:: Provided material
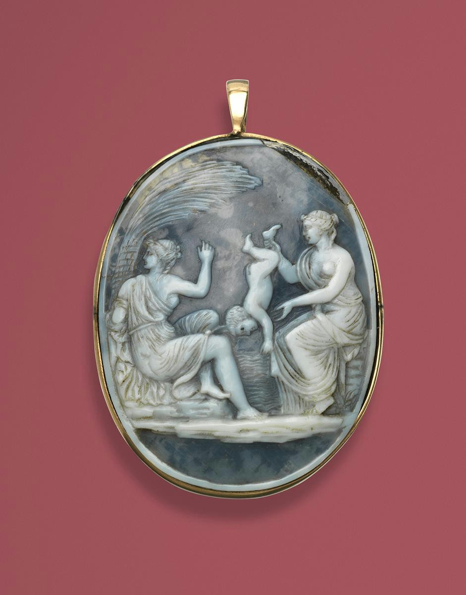 A gold pendant mounted with an oval carved oyster shell cameo, late 18th century. Backed on pitch and slate. Carved with the scene of the baby Achilles being dipped in to the river styx by his nymph mother Thetis. 5.5cm high.
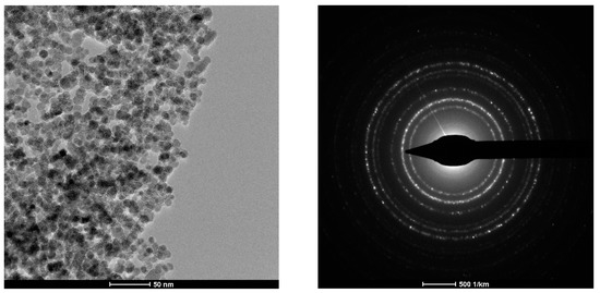 The morphology of the MW-NPS-1 nanoparticles was determined by TEM (Figure 5). The presence of the silica shell, with a thickness of approximately 2 nm, was proved by analyzing the obtained micrographs. The SAED image confirms the crystal structure of Fe3O4.
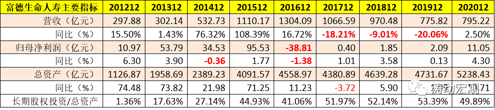 3、不過目前富德生命人壽自身也是困難重重。2017-2020年三年期間,營收同比分別下降18.21%、9.01%和20.06%。并且,在富德生命人壽的資產構成中,長期股權投資占比達到50%左右,可以其實質上更像是一家控股集團。
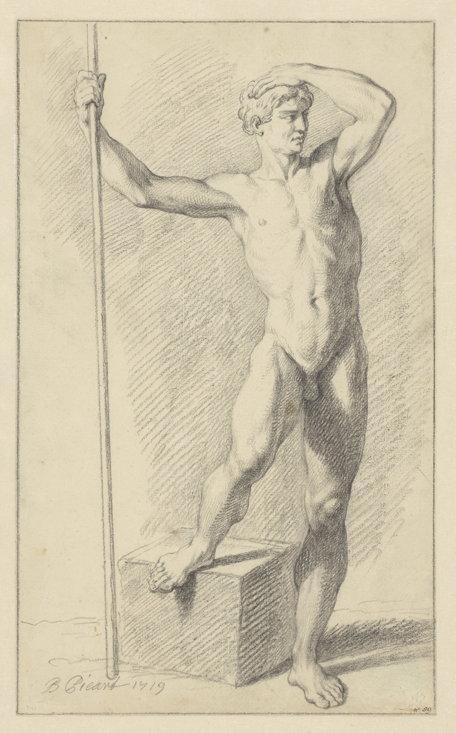 Mannelijk naakt, met een been geknield op een blok e...
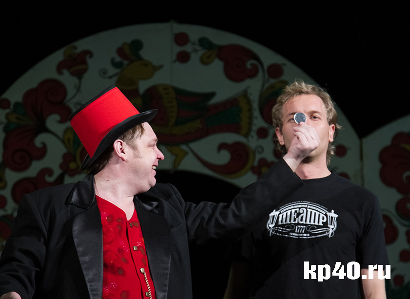 - Это такой волшебный аппарат, в который вкладываешь бумажку, крутишь ручку – и бумажка превращается в денежку! Я использовал эту машинку в другом своём детском спектакле, он назывался «Чёртова невеста», - рассказывает Владимир Глазков. – Когда мы ездили с ним по детским лагерям, эту машинку дети выкрадывали четыре раза! Решили возродить её.
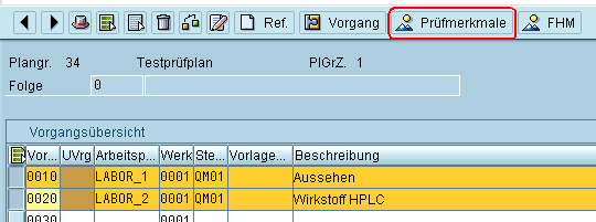 Eine aussagekräftige Beschreibung ist sicher hilfreich, hat aber keine steuernde Wirkung. Nachdem Sie die nötigen Vorgangsdaten eingegeben haben, markieren Sie die Vorgangszeilen und gehen über die Schaltfläche Prüfmerkmale auf die Merkmalsebene (Bild 4): | ||||||||||||||||||
::::
**Work instruction**
Output the records exactly. Drop the images.

**Response to this task**
 A gold pendant mounted with an oval carved oyster shell cameo, late 18th century. Backed on pitch and slate. Carved with the scene of the baby Achilles being dipped in to the river styx by his nymph mother Thetis. 5.5cm high.
 The morphology of the MW-NPS-1 nanoparticles was determined by TEM (Figure 5). The presence of the silica shell, with a thickness of approximately 2 nm, was proved by analyzing the obtained micrographs. The SAED image confirms the crystal structure of Fe3O4.
 3、不過目前富德生命人壽自身也是困難重重。2017-2020年三年期間,營收同比分別下降18.21%、9.01%和20.06%。并且,在富德生命人壽的資產構成中,長期股權投資占比達到50%左右,可以其實質上更像是一家控股集團。
 Mannelijk naakt, met een been geknield op een blok e...
 - Это такой волшебный аппарат, в который вкладываешь бумажку, крутишь ручку – и бумажка превращается в денежку! Я использовал эту машинку в другом своём детском спектакле, он назывался «Чёртова невеста», - рассказывает Владимир Глазков. – Когда мы ездили с ним по детским лагерям, эту машинку дети выкрадывали четыре раза! Решили возродить её.
 Eine aussagekräftige Beschreibung ist sicher hilfreich, hat aber keine steuernde Wirkung. Nachdem Sie die nötigen Vorgangsdaten eingegeben haben, markieren Sie die Vorgangszeilen und gehen über die Schaltfläche Prüfmerkmale auf die Merkmalsebene (Bild 4): | ||||||||||||||||||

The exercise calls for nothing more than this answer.